(TRY IT):
Return only the stretch of the material below that begins with the line containing "Cochilco ajusta a" and ends with the line containing "Additions to the", exactly; both of those lines belong to it.

(EXERCISE DATA):
---

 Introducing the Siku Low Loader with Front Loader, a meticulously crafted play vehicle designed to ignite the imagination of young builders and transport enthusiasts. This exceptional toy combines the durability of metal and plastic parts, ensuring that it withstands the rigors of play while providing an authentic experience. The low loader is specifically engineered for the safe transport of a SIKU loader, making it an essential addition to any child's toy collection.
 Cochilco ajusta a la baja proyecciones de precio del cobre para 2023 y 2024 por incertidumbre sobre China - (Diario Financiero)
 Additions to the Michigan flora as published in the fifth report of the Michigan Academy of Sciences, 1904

---

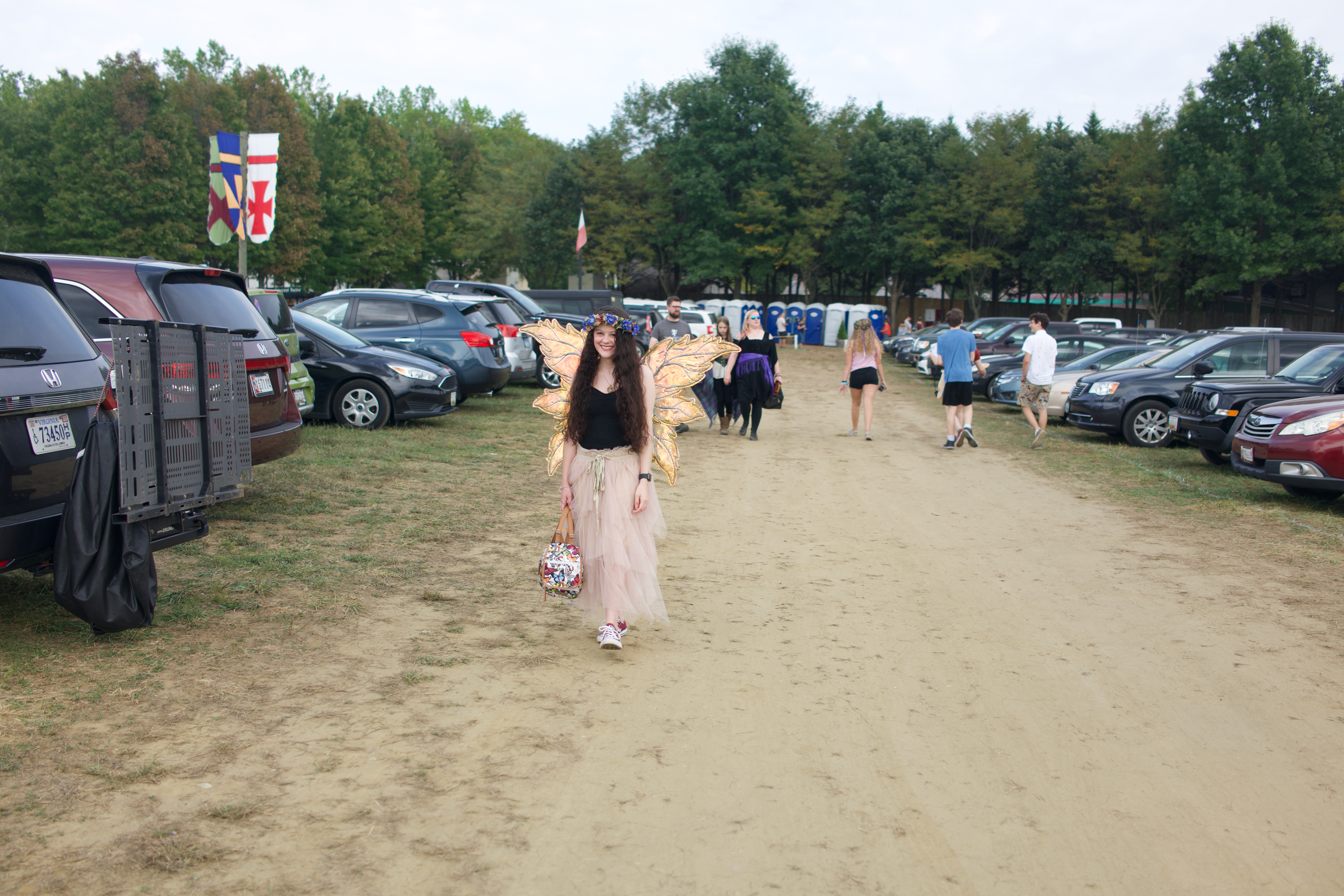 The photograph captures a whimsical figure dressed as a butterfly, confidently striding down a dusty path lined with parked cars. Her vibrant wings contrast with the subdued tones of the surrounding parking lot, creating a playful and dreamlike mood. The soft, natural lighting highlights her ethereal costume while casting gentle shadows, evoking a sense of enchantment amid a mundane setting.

---

(WRITTEN SOLUTION):
 Cochilco ajusta a la baja proyecciones de precio del cobre para 2023 y 2024 por incertidumbre sobre China - (Diario Financiero)
 Additions to the Michigan flora as published in the fifth report of the Michigan Academy of Sciences, 1904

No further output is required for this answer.